**Recorded data:**
=======
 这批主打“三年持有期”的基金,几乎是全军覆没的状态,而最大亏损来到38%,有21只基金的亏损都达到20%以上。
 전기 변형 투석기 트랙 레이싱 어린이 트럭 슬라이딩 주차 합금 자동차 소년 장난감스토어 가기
=======
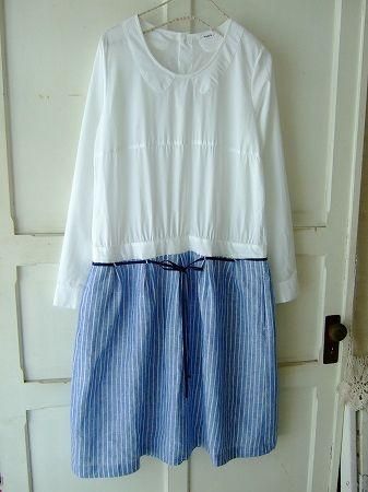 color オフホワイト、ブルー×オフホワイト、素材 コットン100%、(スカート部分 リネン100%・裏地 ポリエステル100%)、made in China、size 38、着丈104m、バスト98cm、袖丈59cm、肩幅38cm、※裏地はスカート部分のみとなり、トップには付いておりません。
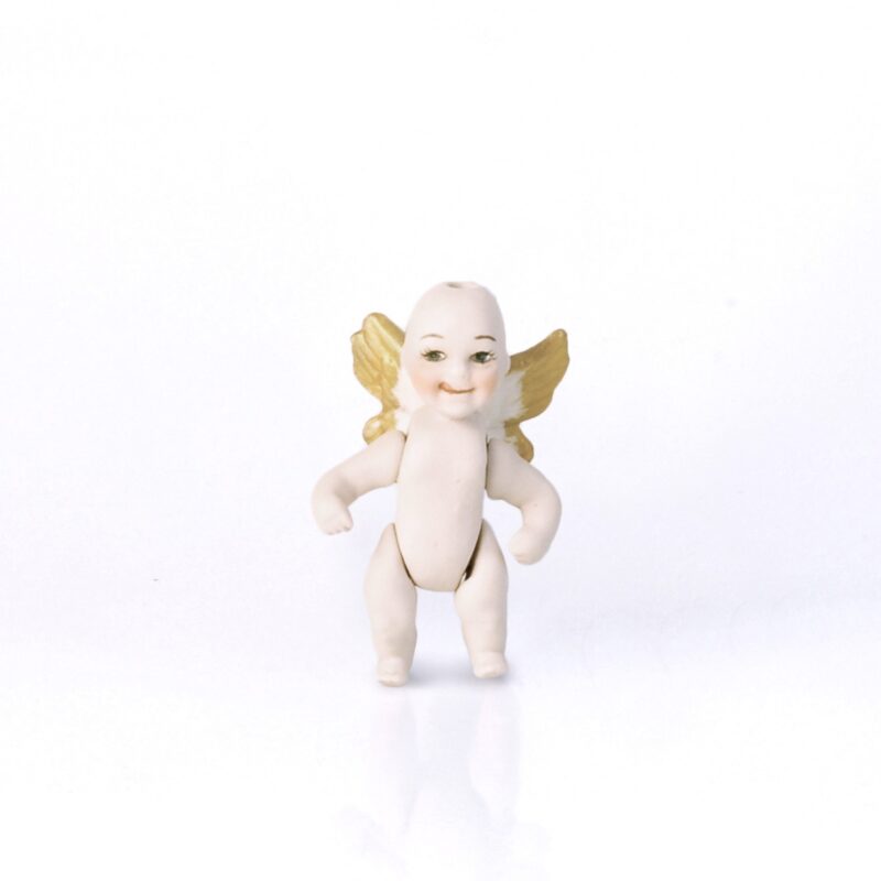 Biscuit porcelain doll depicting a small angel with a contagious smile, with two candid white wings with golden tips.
=======
**Exercise objective:** A word-for-word reproduction is needed of the lines above from the line containing "color オフホワイト、ブルー×オフホワイト、素材 コットン100%、(スカート部分" through the line containing "Biscuit porcelain doll", with both ends kept and no pictures.

**Solution to this exercise:**
 color オフホワイト、ブルー×オフホワイト、素材 コットン100%、(スカート部分 リネン100%・裏地 ポリエステル100%)、made in China、size 38、着丈104m、バスト98cm、袖丈59cm、肩幅38cm、※裏地はスカート部分のみとなり、トップには付いておりません。
 Biscuit porcelain doll depicting a small angel with a contagious smile, with two candid white wings with golden tips.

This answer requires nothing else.